Spent lottery tickets littered the floor of every car.
Shame had ample time to poison his lonely soul.
She taunted, “No one respects or even likes you.”
Don endured a long life of crushed hope.
Family violence, Agent Orange, US-Army, Retired…
Civilian layoff, serial underemployment, disfiguring cancer.
His hope turned disappointment for Donald Junior;
He destroyed his only son with tough-love violence.
His hope turned estrangement for me;
He trapped his only daughter in dissociated dashes
Toward anything that looked like love.
I am taking off these running shoes;
All these sprints leave me tired.
My People’s trying has broken me;
Their failings have swamped my heart.
I’ve achieved—as if everything is okay.
I detached—as if I needed nothing.
But I wish more people knew how dearly I've failed.
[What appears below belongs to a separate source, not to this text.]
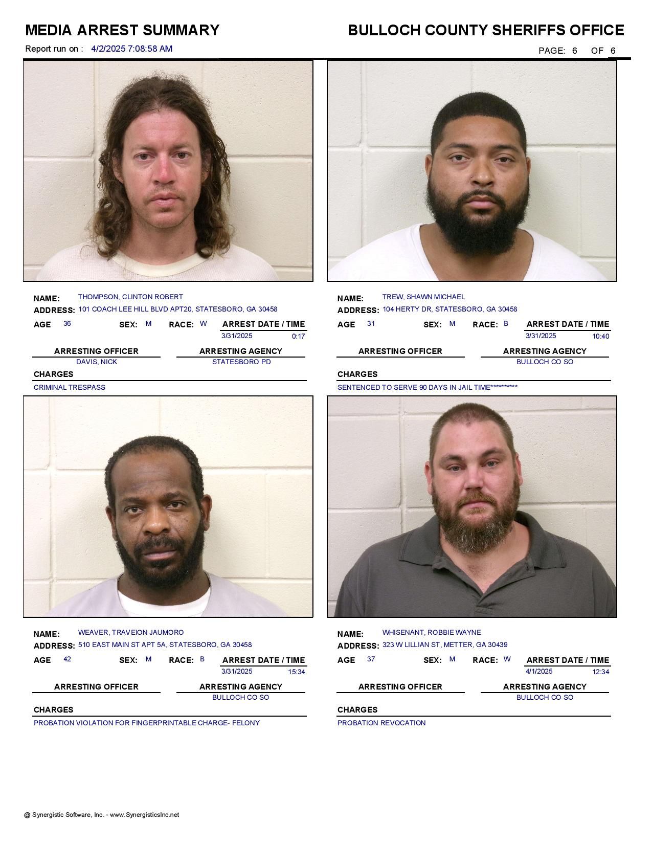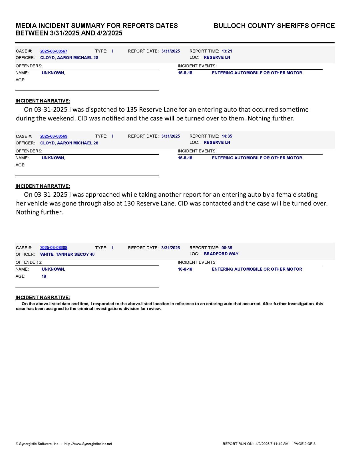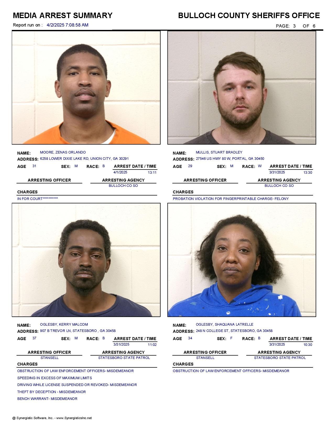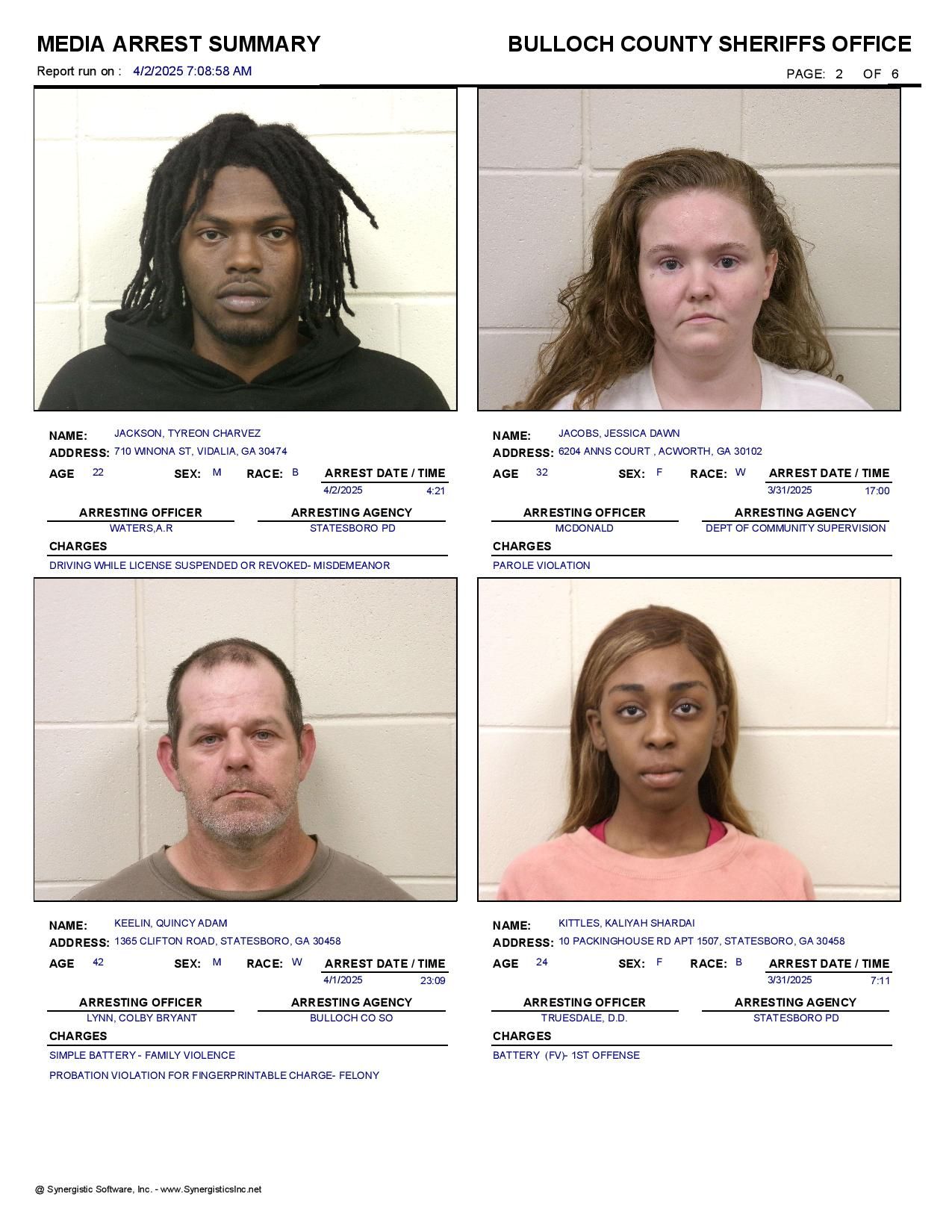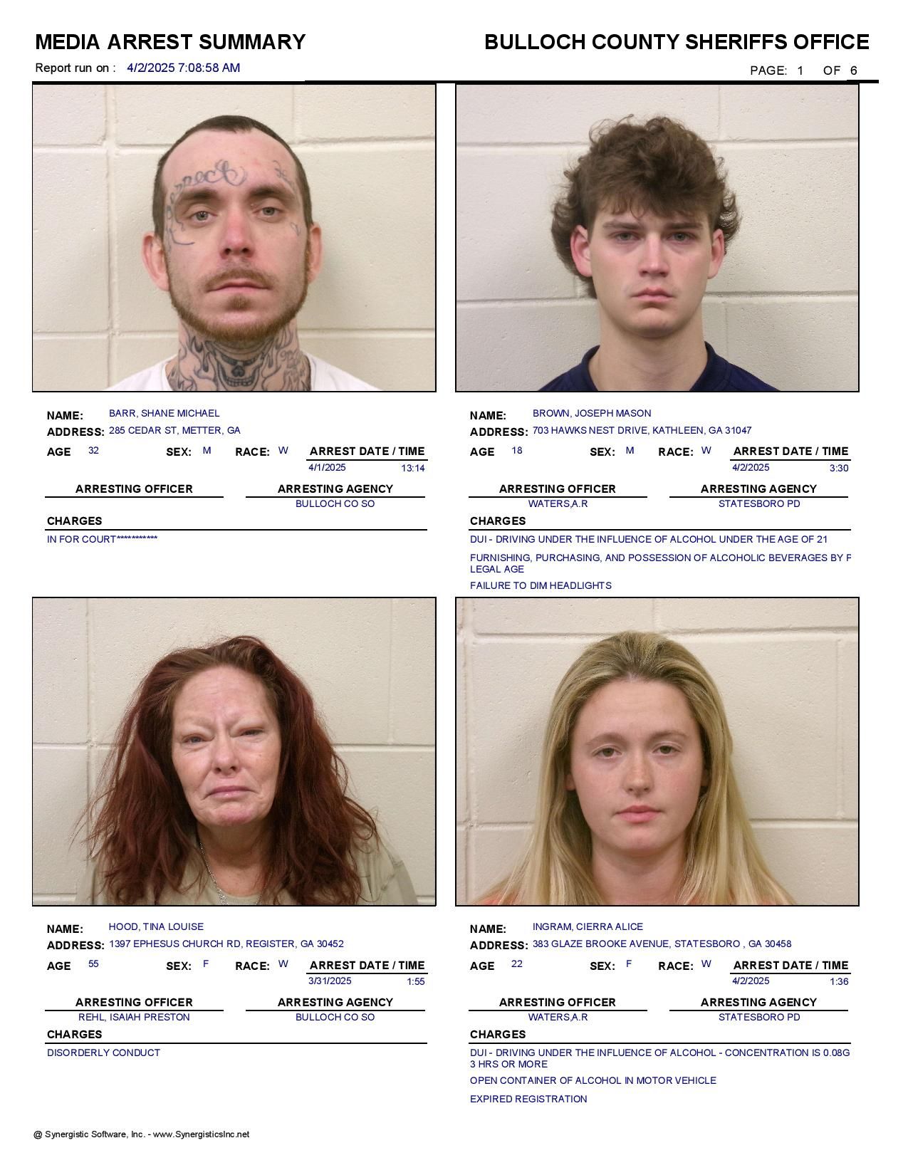The Bulloch Co Jail Booking & Incident Report 04/02/25 details arrests from Bulloch Co., Statesboro, Brooklet, Portal, Register, and the Georgia State Patrol. Incident reports are from the Sheriff’s Office only.

I tell myself I’ve nothing more to do with Shame,
With her cruel words and tempting despair.
I tell myself I’ve ended her sway in the family line…
But wouldn't it be sweet and warm and grounding and lovely
To bask in a breezy light of significance
That doesn't depend on who I am not?
To rest and in a cool shade of worth
Not gained by accomplishment?
To stand and sway in a legitimacy
My People never allowed themselves to feel?
…To dwell in a home forged in dignity and kept in safety?
Perhaps I’ll keep trying and failing and trying again,
In My People’s familiar, careworn hope.
Perhaps I’ll convince Shame to rest forever
Or to run along, quietly carrying their bones.